Exercise objective:
An exact copy of each line below is needed, with no images in it.

Information provided:

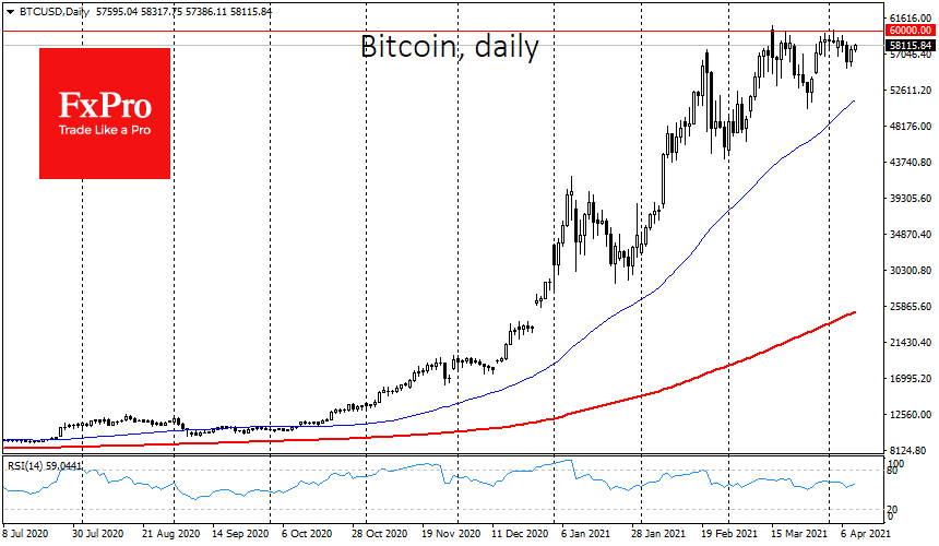 Крипторынок пережил краткосрочную локальную коррекцию и продолжает осторожное движение вверх. Наиболее выраженная положительная динамика заметна среди альткоинов, однако и в отношении Биткоина негативного фона нет. Эталонная криптовалюта прибавляет за последние сутки более 3% и торгуется около $58,200, что можно считать неплохим результатом после стремительного погружения и отскока.
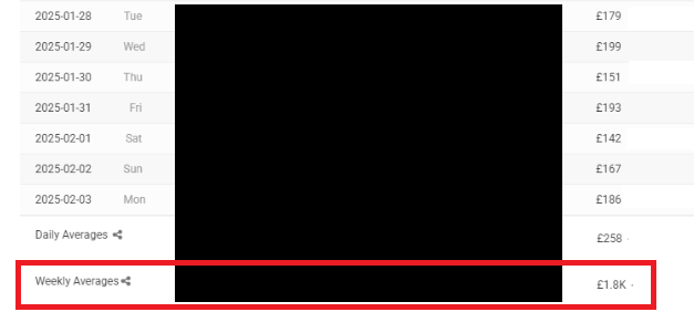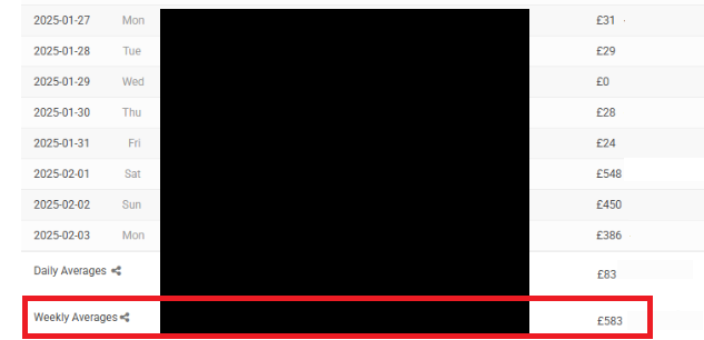 The numbers are in pound sterling (the currency we use in the U.K.). For U.S. dollars, the earnings are even higher – £583 is equivalent to $722.92.
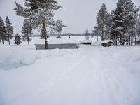 A snow-covered road in a suburban residential area of Sweden. The white snow blankets the trees and homes, creating a serene winter scene. The cold blizzard adds a touch of freezing beauty to the European landscape.

Solved problem:
 Крипторынок пережил краткосрочную локальную коррекцию и продолжает осторожное движение вверх. Наиболее выраженная положительная динамика заметна среди альткоинов, однако и в отношении Биткоина негативного фона нет. Эталонная криптовалюта прибавляет за последние сутки более 3% и торгуется около $58,200, что можно считать неплохим результатом после стремительного погружения и отскока.
 The numbers are in pound sterling (the currency we use in the U.K.). For U.S. dollars, the earnings are even higher – £583 is equivalent to $722.92.
 A snow-covered road in a suburban residential area of Sweden. The white snow blankets the trees and homes, creating a serene winter scene. The cold blizzard adds a touch of freezing beauty to the European landscape.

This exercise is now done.